## Exercise description
Would you retype exactly the lines below, starting with the one that has "5. Remove the" and going on through the one that has "Aydın’ın Kuşadası ilçesinde", with no pictures and nothing else?

## Data provided
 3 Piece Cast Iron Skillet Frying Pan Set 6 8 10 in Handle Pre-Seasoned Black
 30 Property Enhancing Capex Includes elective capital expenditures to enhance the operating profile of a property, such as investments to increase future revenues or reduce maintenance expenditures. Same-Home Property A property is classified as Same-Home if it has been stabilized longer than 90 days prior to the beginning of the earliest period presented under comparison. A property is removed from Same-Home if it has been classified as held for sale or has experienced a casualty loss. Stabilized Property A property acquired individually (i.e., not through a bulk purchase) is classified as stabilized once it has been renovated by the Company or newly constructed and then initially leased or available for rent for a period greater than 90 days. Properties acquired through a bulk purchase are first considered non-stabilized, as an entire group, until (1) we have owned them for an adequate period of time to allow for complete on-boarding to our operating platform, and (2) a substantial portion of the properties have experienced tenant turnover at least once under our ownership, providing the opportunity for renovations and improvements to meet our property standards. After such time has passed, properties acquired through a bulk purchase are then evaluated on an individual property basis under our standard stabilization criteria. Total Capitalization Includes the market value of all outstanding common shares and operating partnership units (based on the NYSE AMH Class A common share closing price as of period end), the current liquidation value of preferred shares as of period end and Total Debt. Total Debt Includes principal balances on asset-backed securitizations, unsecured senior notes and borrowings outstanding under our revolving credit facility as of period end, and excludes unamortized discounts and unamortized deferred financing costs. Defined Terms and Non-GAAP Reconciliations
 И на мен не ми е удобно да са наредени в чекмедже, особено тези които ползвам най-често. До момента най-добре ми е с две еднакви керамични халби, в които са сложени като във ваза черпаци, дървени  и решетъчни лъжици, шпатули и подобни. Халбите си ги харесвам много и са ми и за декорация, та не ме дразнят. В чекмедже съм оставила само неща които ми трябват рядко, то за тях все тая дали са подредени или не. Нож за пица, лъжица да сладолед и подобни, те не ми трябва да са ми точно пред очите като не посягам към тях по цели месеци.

...

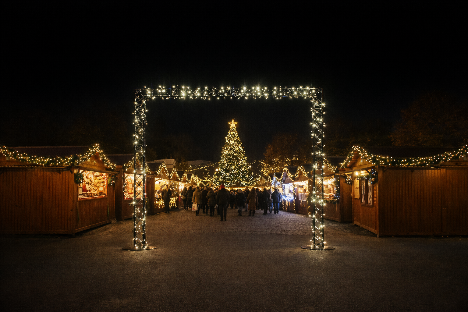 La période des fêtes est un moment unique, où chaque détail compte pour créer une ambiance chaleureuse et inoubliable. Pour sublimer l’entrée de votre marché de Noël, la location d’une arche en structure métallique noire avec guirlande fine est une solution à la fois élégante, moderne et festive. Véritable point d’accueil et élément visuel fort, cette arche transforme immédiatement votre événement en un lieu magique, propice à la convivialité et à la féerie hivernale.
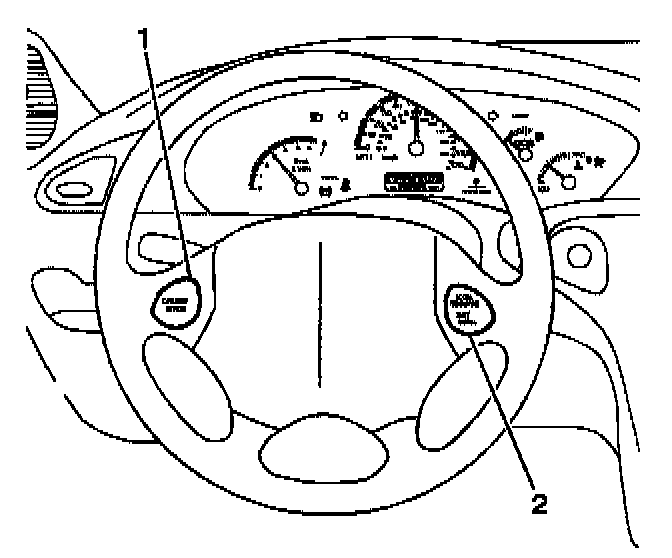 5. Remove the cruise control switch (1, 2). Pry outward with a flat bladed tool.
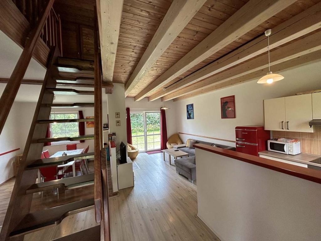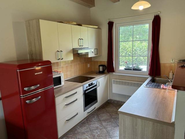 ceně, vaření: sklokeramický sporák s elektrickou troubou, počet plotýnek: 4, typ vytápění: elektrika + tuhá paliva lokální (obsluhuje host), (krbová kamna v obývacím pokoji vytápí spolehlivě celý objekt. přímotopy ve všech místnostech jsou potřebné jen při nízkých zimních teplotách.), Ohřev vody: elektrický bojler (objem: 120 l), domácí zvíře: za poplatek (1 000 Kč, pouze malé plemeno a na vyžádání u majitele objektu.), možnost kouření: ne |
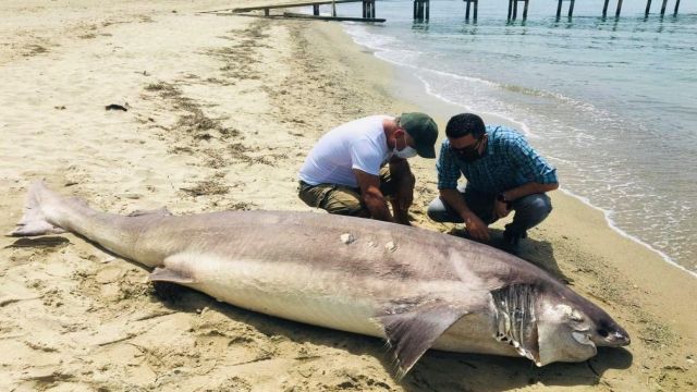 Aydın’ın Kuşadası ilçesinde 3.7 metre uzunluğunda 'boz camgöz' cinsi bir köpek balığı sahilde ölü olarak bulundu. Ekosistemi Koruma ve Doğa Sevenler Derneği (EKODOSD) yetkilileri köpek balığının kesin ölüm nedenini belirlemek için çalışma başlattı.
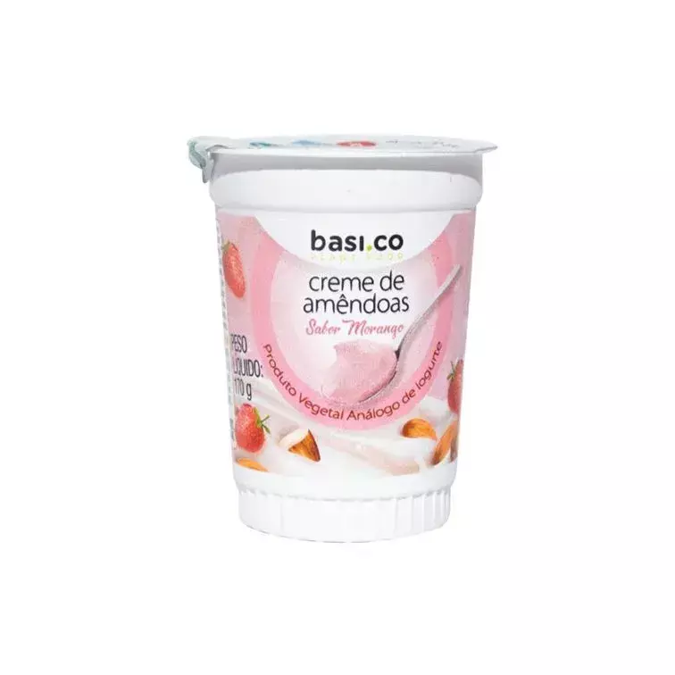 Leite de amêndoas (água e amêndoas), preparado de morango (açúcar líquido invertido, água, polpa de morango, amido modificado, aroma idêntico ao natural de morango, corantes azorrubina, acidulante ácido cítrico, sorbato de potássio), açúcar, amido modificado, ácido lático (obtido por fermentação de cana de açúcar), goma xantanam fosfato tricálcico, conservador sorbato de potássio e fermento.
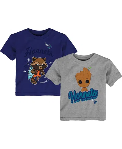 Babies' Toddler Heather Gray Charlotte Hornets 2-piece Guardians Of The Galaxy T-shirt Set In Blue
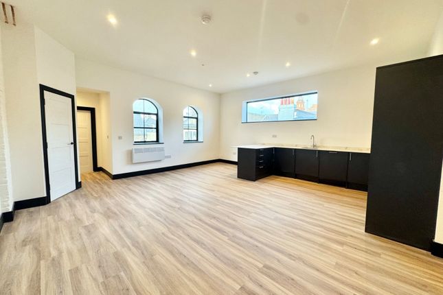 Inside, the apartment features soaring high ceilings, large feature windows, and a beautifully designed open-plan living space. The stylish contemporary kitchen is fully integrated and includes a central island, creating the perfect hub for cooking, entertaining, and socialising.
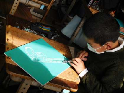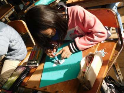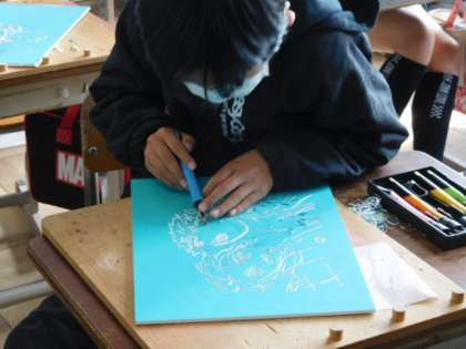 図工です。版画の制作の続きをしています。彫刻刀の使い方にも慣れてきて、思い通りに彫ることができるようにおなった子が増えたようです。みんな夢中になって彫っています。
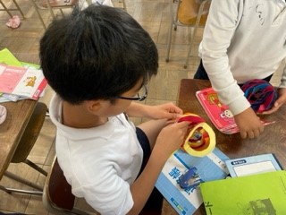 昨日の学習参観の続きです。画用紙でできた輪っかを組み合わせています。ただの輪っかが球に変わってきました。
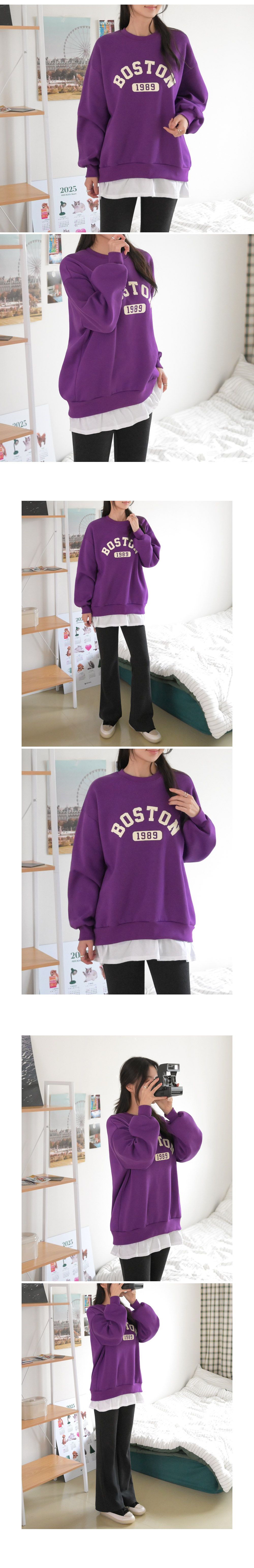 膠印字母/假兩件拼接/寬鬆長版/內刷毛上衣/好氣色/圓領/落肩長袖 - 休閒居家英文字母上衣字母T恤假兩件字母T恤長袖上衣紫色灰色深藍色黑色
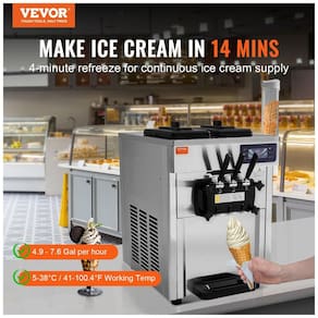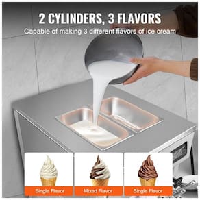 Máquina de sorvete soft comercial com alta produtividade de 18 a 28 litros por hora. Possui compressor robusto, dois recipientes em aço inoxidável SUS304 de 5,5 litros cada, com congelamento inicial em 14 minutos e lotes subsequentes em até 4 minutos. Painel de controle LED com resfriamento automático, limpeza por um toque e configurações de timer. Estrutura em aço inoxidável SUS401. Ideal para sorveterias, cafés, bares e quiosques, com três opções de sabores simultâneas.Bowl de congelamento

---

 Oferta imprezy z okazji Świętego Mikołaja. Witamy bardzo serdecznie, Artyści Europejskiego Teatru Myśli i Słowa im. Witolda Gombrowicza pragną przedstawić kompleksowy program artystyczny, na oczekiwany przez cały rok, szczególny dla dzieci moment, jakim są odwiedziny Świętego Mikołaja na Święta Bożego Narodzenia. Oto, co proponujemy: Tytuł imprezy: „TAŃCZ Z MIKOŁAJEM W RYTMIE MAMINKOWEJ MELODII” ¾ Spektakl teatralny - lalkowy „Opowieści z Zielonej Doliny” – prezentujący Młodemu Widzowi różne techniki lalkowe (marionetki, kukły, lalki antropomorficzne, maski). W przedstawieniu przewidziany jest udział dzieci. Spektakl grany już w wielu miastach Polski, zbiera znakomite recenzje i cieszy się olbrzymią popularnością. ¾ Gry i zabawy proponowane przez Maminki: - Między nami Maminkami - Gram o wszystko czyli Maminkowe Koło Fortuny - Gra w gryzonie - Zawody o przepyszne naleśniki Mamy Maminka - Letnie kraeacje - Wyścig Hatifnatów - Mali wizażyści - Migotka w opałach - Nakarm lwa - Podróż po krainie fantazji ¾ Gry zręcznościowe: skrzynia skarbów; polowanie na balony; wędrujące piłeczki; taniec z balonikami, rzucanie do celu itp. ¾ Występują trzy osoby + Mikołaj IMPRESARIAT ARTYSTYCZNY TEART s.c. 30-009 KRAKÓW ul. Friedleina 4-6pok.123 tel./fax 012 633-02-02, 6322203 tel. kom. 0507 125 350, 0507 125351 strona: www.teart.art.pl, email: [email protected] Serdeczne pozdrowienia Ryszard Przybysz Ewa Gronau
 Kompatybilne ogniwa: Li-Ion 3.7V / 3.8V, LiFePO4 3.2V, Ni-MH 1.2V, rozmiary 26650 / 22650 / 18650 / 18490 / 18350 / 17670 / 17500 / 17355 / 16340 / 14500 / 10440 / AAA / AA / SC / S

## Answer space
 5. Remove the cruise control switch (1, 2). Pry outward with a flat bladed tool.
 ceně, vaření: sklokeramický sporák s elektrickou troubou, počet plotýnek: 4, typ vytápění: elektrika + tuhá paliva lokální (obsluhuje host), (krbová kamna v obývacím pokoji vytápí spolehlivě celý objekt. přímotopy ve všech místnostech jsou potřebné jen při nízkých zimních teplotách.), Ohřev vody: elektrický bojler (objem: 120 l), domácí zvíře: za poplatek (1 000 Kč, pouze malé plemeno a na vyžádání u majitele objektu.), možnost kouření: ne |
 Aydın’ın Kuşadası ilçesinde 3.7 metre uzunluğunda 'boz camgöz' cinsi bir köpek balığı sahilde ölü olarak bulundu. Ekosistemi Koruma ve Doğa Sevenler Derneği (EKODOSD) yetkilileri köpek balığının kesin ölüm nedenini belirlemek için çalışma başlattı.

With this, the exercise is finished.